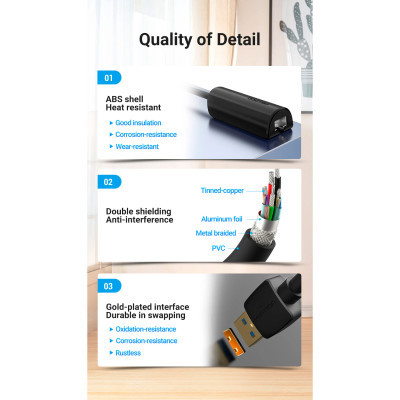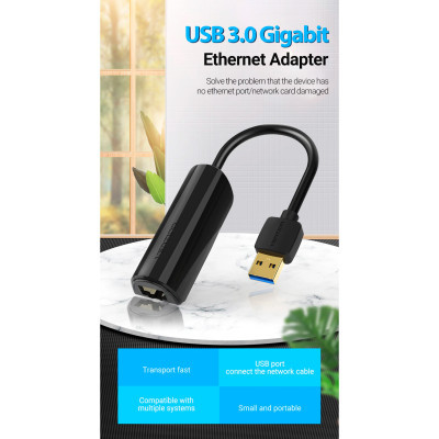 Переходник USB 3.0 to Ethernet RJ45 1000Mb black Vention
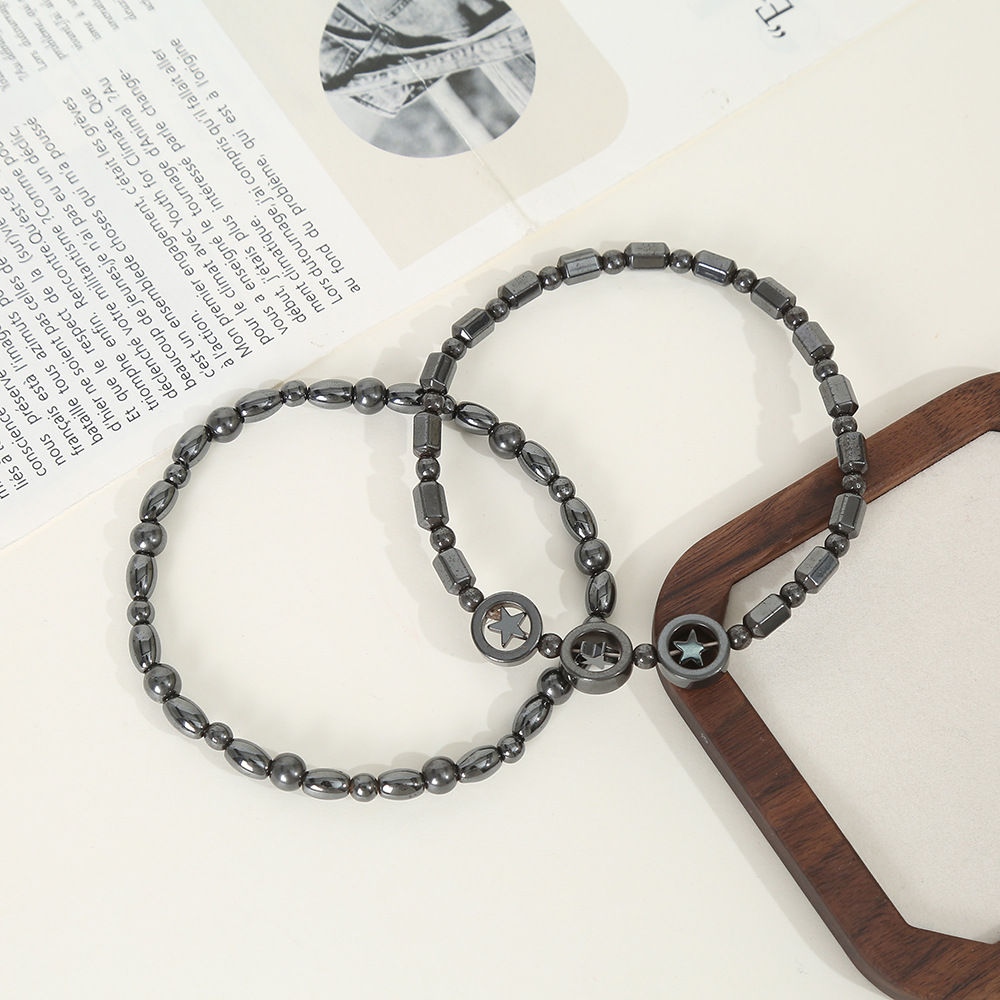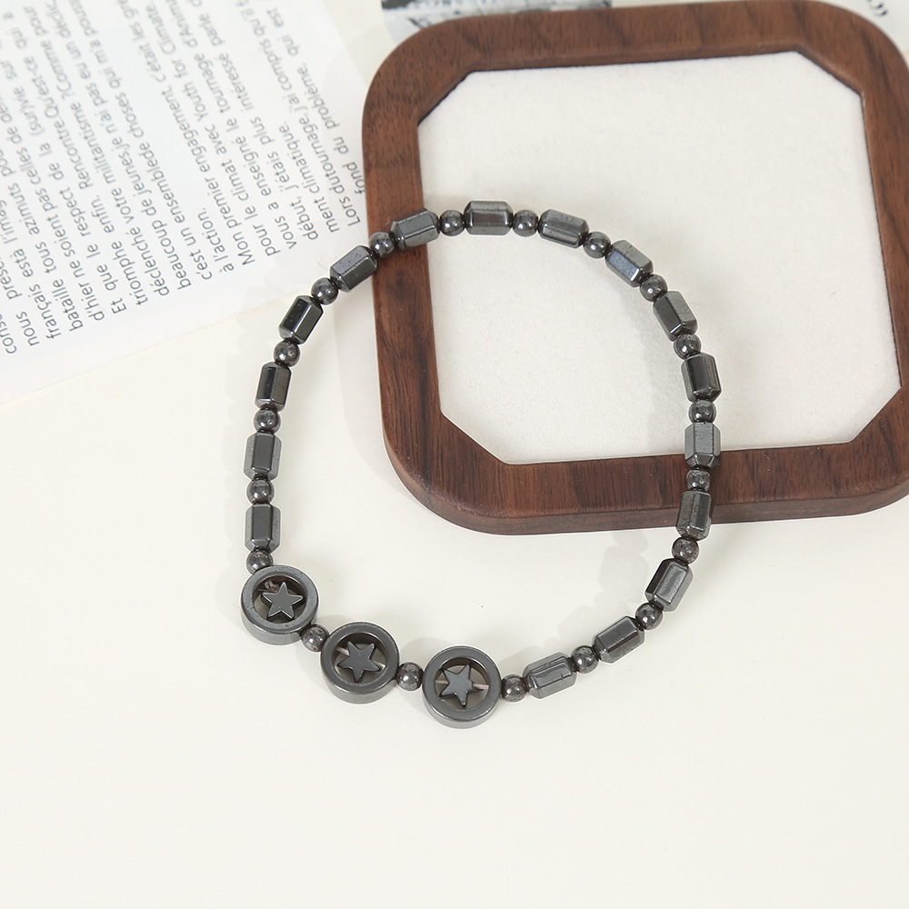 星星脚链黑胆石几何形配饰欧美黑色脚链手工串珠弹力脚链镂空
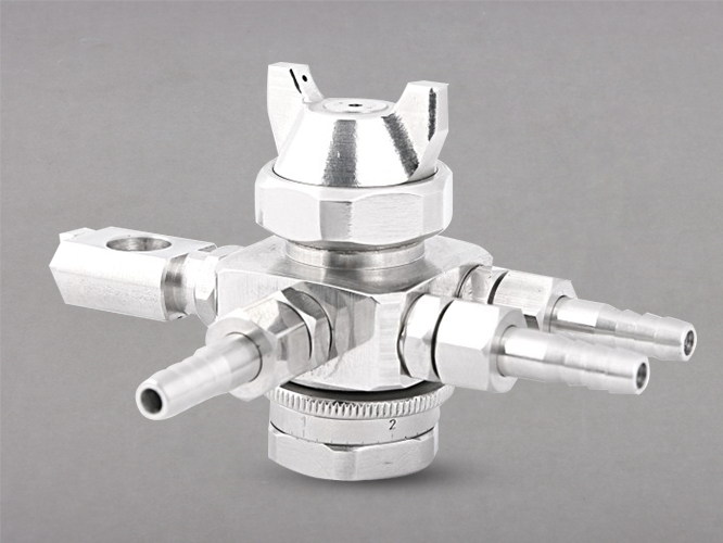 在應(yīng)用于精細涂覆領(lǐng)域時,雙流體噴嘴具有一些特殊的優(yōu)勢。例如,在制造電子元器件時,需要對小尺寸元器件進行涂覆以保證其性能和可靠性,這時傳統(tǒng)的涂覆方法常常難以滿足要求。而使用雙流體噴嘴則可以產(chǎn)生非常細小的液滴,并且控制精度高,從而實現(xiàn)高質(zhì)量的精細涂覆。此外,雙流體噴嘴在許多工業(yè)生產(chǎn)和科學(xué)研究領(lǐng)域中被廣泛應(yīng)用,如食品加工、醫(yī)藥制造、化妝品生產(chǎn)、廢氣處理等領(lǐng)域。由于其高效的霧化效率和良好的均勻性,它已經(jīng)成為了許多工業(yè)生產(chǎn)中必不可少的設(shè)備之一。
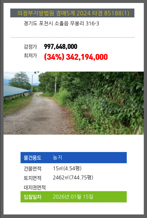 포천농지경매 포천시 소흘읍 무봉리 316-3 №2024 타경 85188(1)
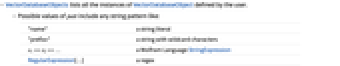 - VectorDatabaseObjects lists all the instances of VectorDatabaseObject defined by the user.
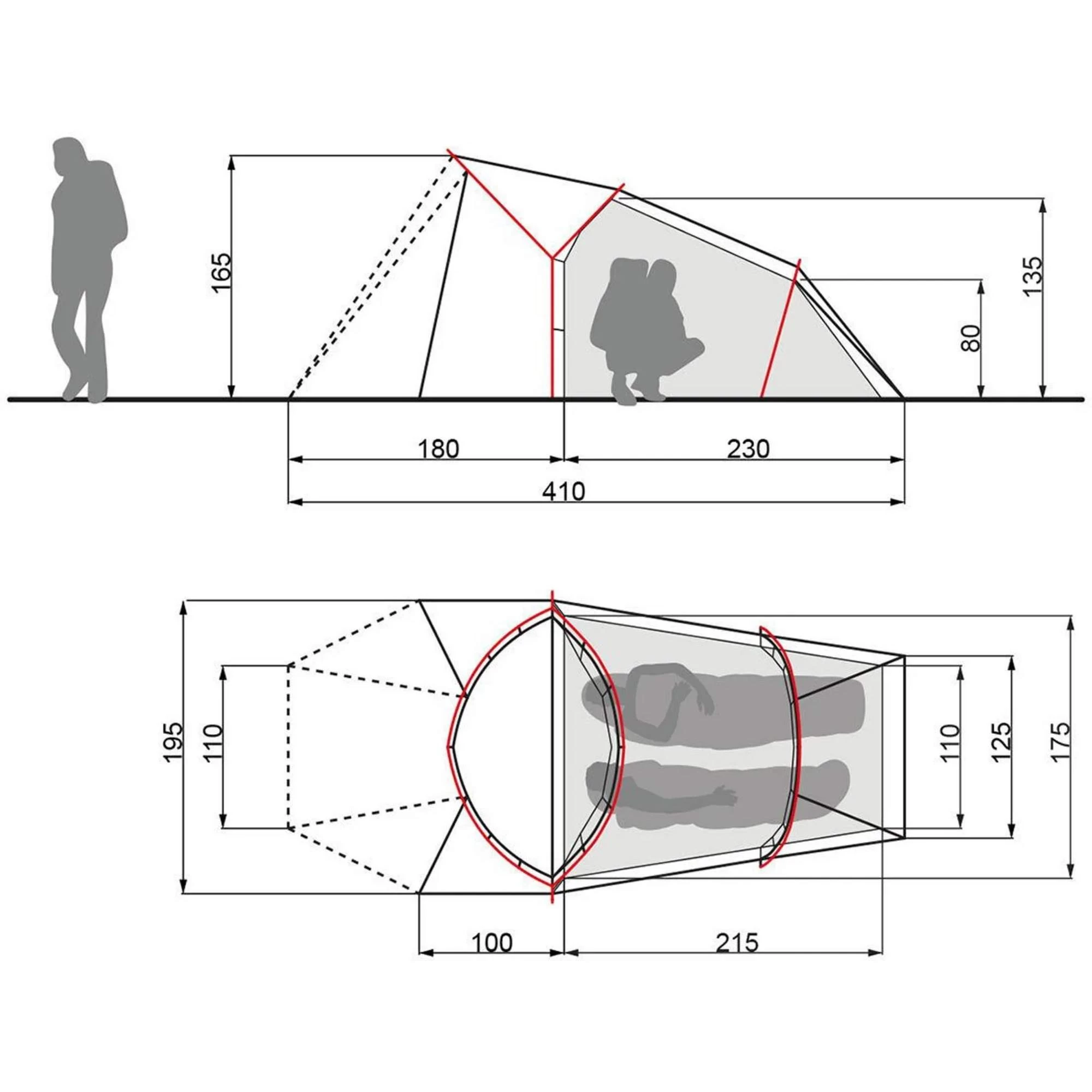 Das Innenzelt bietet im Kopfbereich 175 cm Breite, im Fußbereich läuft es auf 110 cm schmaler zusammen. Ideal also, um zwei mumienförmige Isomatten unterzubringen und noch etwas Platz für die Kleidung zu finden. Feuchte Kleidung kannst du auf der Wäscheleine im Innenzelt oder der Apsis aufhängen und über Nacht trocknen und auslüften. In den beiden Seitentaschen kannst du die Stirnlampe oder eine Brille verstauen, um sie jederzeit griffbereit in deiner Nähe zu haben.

WHAT IS REQUIRED
Without the pictures, copy all of the entries exactly as they appear.

ANSWER TO THIS EXERCISE
 Переходник USB 3.0 to Ethernet RJ45 1000Mb black Vention
 星星脚链黑胆石几何形配饰欧美黑色脚链手工串珠弹力脚链镂空
 在應(yīng)用于精細涂覆領(lǐng)域時,雙流體噴嘴具有一些特殊的優(yōu)勢。例如,在制造電子元器件時,需要對小尺寸元器件進行涂覆以保證其性能和可靠性,這時傳統(tǒng)的涂覆方法常常難以滿足要求。而使用雙流體噴嘴則可以產(chǎn)生非常細小的液滴,并且控制精度高,從而實現(xiàn)高質(zhì)量的精細涂覆。此外,雙流體噴嘴在許多工業(yè)生產(chǎn)和科學(xué)研究領(lǐng)域中被廣泛應(yīng)用,如食品加工、醫(yī)藥制造、化妝品生產(chǎn)、廢氣處理等領(lǐng)域。由于其高效的霧化效率和良好的均勻性,它已經(jīng)成為了許多工業(yè)生產(chǎn)中必不可少的設(shè)備之一。
 포천농지경매 포천시 소흘읍 무봉리 316-3 №2024 타경 85188(1)
 - VectorDatabaseObjects lists all the instances of VectorDatabaseObject defined by the user.
 Das Innenzelt bietet im Kopfbereich 175 cm Breite, im Fußbereich läuft es auf 110 cm schmaler zusammen. Ideal also, um zwei mumienförmige Isomatten unterzubringen und noch etwas Platz für die Kleidung zu finden. Feuchte Kleidung kannst du auf der Wäscheleine im Innenzelt oder der Apsis aufhängen und über Nacht trocknen und auslüften. In den beiden Seitentaschen kannst du die Stirnlampe oder eine Brille verstauen, um sie jederzeit griffbereit in deiner Nähe zu haben.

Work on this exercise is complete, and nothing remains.